BMC Bioinformatics, May 2004

Background The usefulness of log2 transformation for cDNA microarray data has led to its widespread application to Affymetrix data. For Affymetrix data, where absolute intensities are indicative of number of transcripts, there is a systematic relationship between variance and magnitude of measurements. Application of the log2 transformation expands the scale of genes with low intensities while compressing the scale of genes with higher intensities thus reversing the mean by variance relationship.

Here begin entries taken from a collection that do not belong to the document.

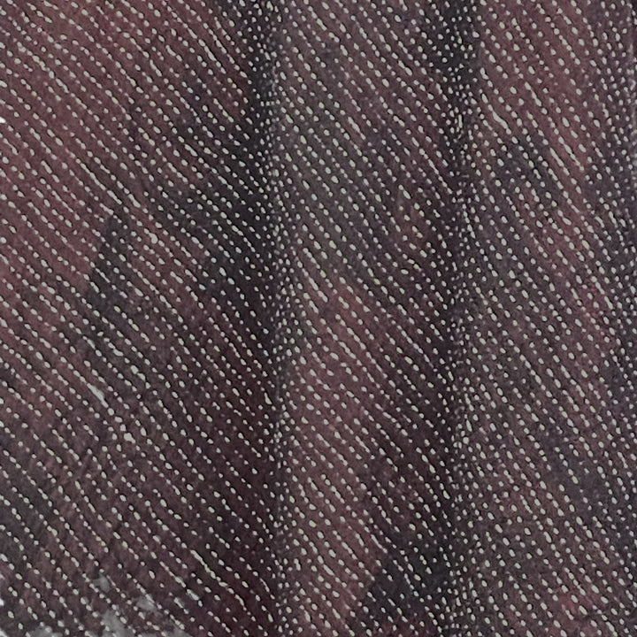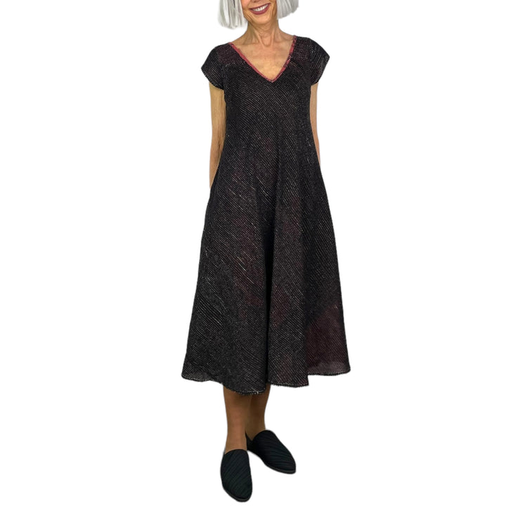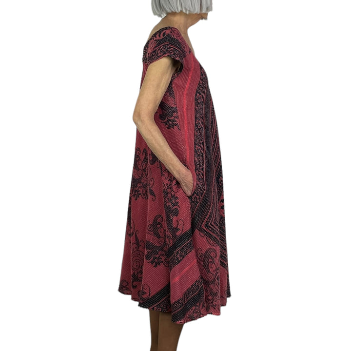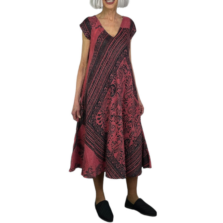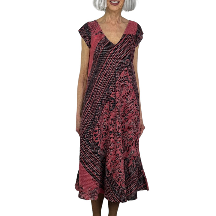 Reversible A-line dress with a double V-neck neckline and cap sleeves. Welt pockets on front, patch pockets on reverse. 2-layer vintage saris fabric with hand stitches throughout. Front is cotton print, reverse is over-dyed vintage cotton. Relaxed fit.
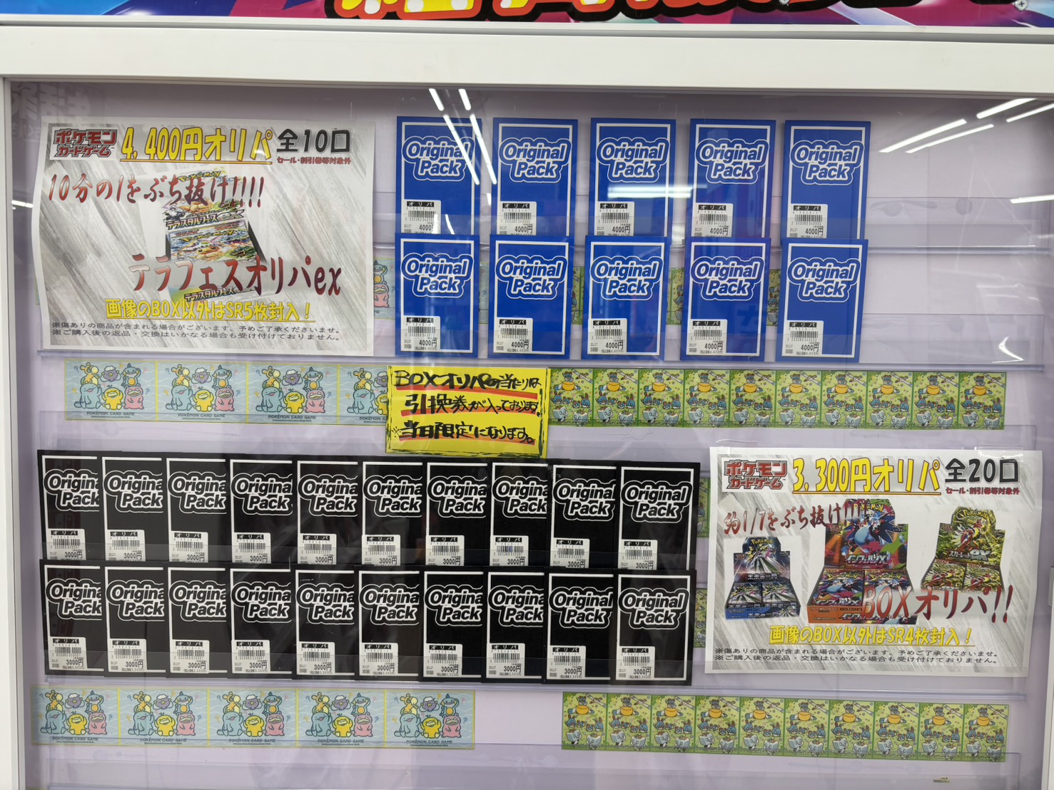 【住吉買取店】ポケモンカード 4,400円10口の1テラフェスオリパex ・3,300円20口BOXオリパ 販売しております! 新着情報 マンガ倉庫住吉買取店 トレカ 2025年11月28日 ポケモンカード ・4,400円10口の1テラフェスオリパex ・3,300円20口BOXオリパ 販売しております! 豪運をお持ちの方のチャレンジお待ちしております!!
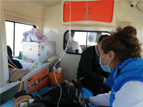 8月的一天,同时来了3个车祸病人,经过近3个小时的全力抢救,其中2名伤者包扎清创处理后继续留院观察,有1名伤者因双侧多发肋骨骨折、双侧血气胸、创伤性湿肺、骨盆粉碎性骨折伴有失血性休克,病情复杂危重,县医院技术和血源都不能具备救治该患者的条件,该名伤者需要立即转至1500公里外的拉萨西藏军区总医院进行救治。转运路途遥远,患者病情危重,转运过程随时可能出现生命危险,侯峰强主动请缨,要求护送患者,转运前他根据伤情,使用气管插管并自制闭式引流瓶对伤者进行了双侧胸腔闭式引流术,并准备了充足的药品和抢救设备,便向远在1500多公里的西藏军区总医院出发,途中处理多次危急情况,得助于兄弟医院的接力帮助,经过日夜不停歇赶路,最终在24小时后,将患者安全送到西藏军区总医院进行进一步的抢救治疗,一场生命接力,彰显医者大爱。
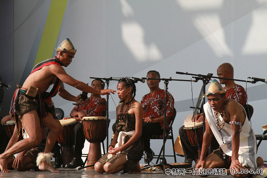 5月30日,馬達(dá)加斯加肯特思米諾歌舞團(tuán)在世博園非洲廣場(chǎng)表演比洛傳統(tǒng)儀式,逼真的神態(tài)、激情的表演,博得許多參觀者稱贊。當(dāng)天是馬達(dá)加斯加館日,世博中心內(nèi)舉行了其國(guó)家館日活動(dòng),馬方和中方代表共同出席。圖片來源:中國(guó)新聞網(wǎng)>>點(diǎn)擊觀看詳細(xì)內(nèi)容
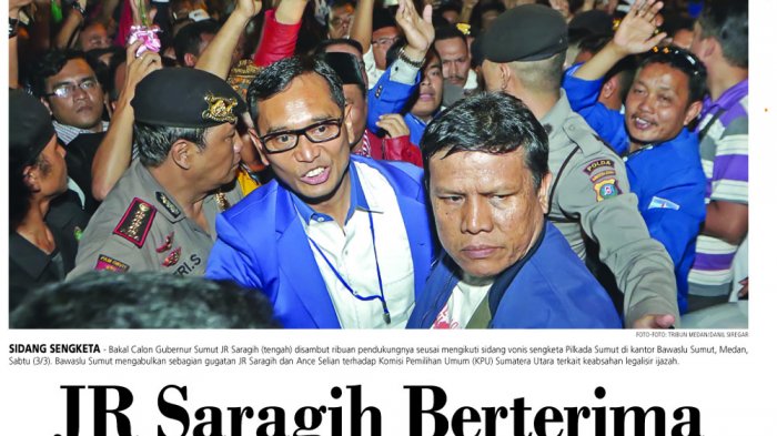 "Saya mengucapkan terima kasih kepada Tuhan, karena putusan tadi, sama-sama kita sudah mendengar bahwa majelis hakim membatalkan keputusan KPU yang mengatakan kami tidak bisa ikut maju Pilgub. Sehingga gugatan kami dikabulkan, terus melengkapi administrasi dengan meleges kembali ijazah sesuai prosedur. Itu akan segera kami lakukan," ujar JR Saragih usai pembacaan putusan oleh pimpinan majelis musyawarah Bawaslu Herdi Munthe di kantor Bawaslu Sumut Jalan Adam Malik, Sabtu malam, (3/3/2018) malam.
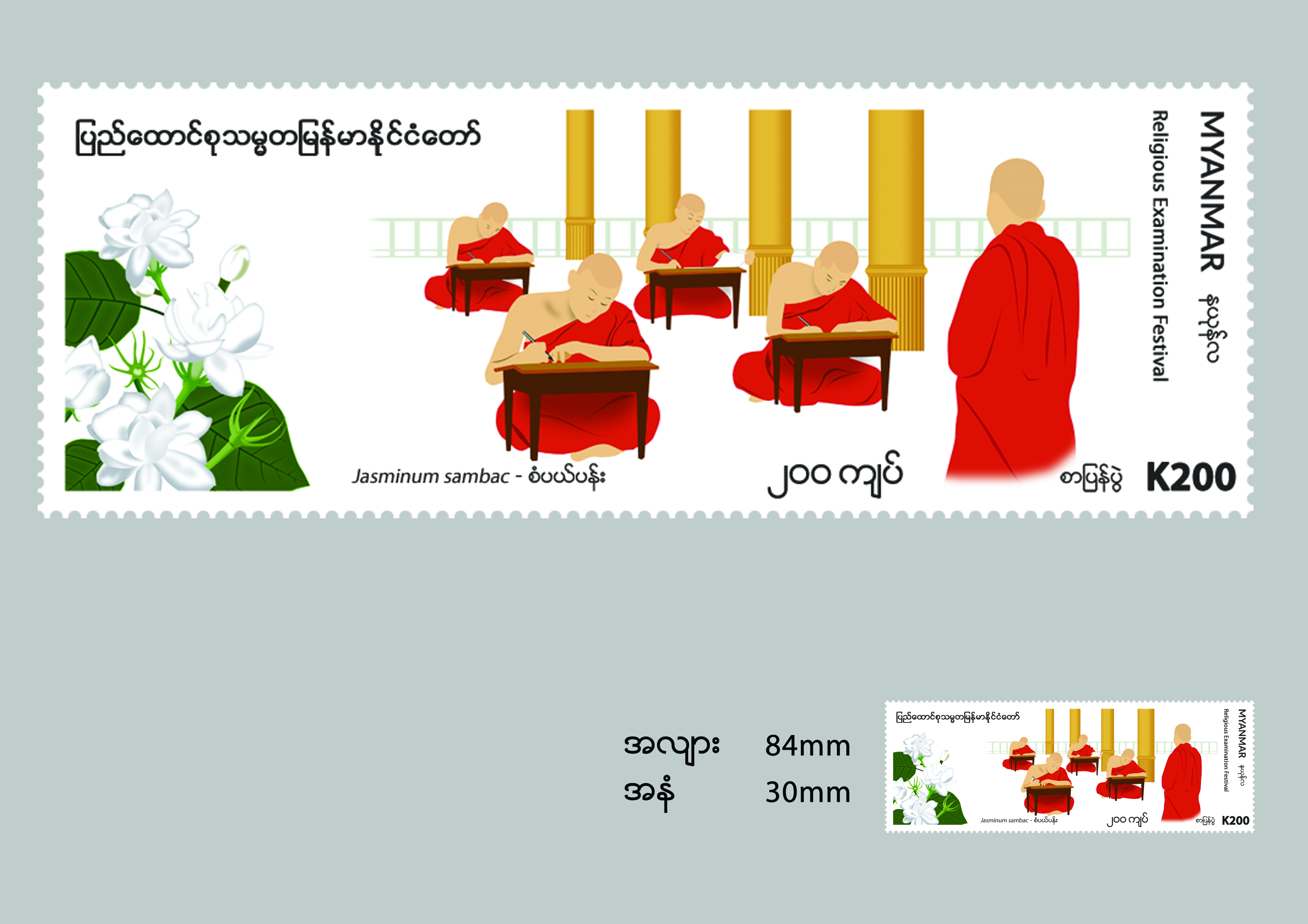 ပို့ဆောင်ရေးနှင့်ဆက်သွယ်ရေးဝန်ကြီးဌာန၊ မြန်မာ့စာတိုက် လုပ်ငန်းမှ (၁၂)လရာသီ ပွဲတော်များနှင့် ပန်းများအထိမ်းအမှတ် နယုန်လအတွက် စာပြန်ပွဲနှင့်စံပယ်ပန်း ၂ဝဝိ/-ကျပ်တန် အထူးထုတ်စာပို့ တံဆိပ်ခေါင်းသစ်(၁)မျိုးအား ဇွန် (၃)ရက်၊ မြန်မာသက္ကရာဇ် ၁၃၈၁ ခုနှစ်၊ နယုန်လဆန်း (၁)ရက်၊ တနင်္လာနေ့ နံနက် ၉ နာရီခွဲမှ စတင်၍ တိုင်းဒေသကြီး / ပြည်နယ်များရှိ လုပ်ငန်းပြည့်စာတိုက်အသီးသီး တွင် ရောင်းချပေးသွားမည်ဖြစ်သည်။
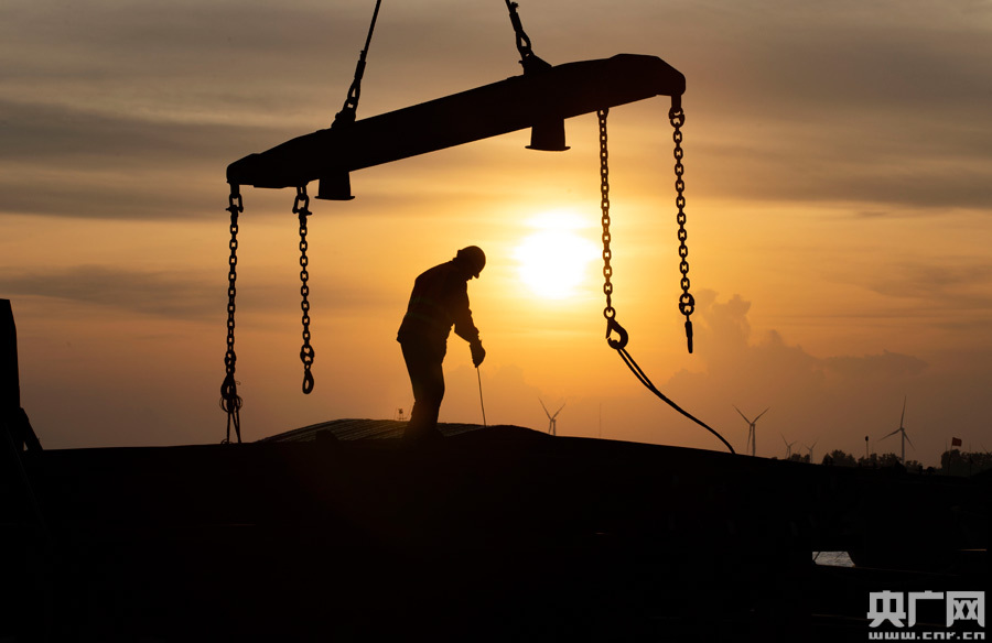 日落余暉,霞光萬丈,鐵臂揮舞,相得益彰。

The usefulness of these transformations needs to be examined. Results Using an Affymetrix GeneChip® dataset, problems associated with applying the log2 transformation to absolute intensity data are demonstrated. Use of the spread-versus-level plot to identify an appropriate variance stabilizing transformation is presented. For the data presented, the spread-versus-level plot identified a power transformation that successfully stabilized the variance of probe set summaries. Conclusion The spread-versus-level plot is helpful to identify transformations for variance stabilization. This is robust against outliers and avoids assumption of models and maximizations.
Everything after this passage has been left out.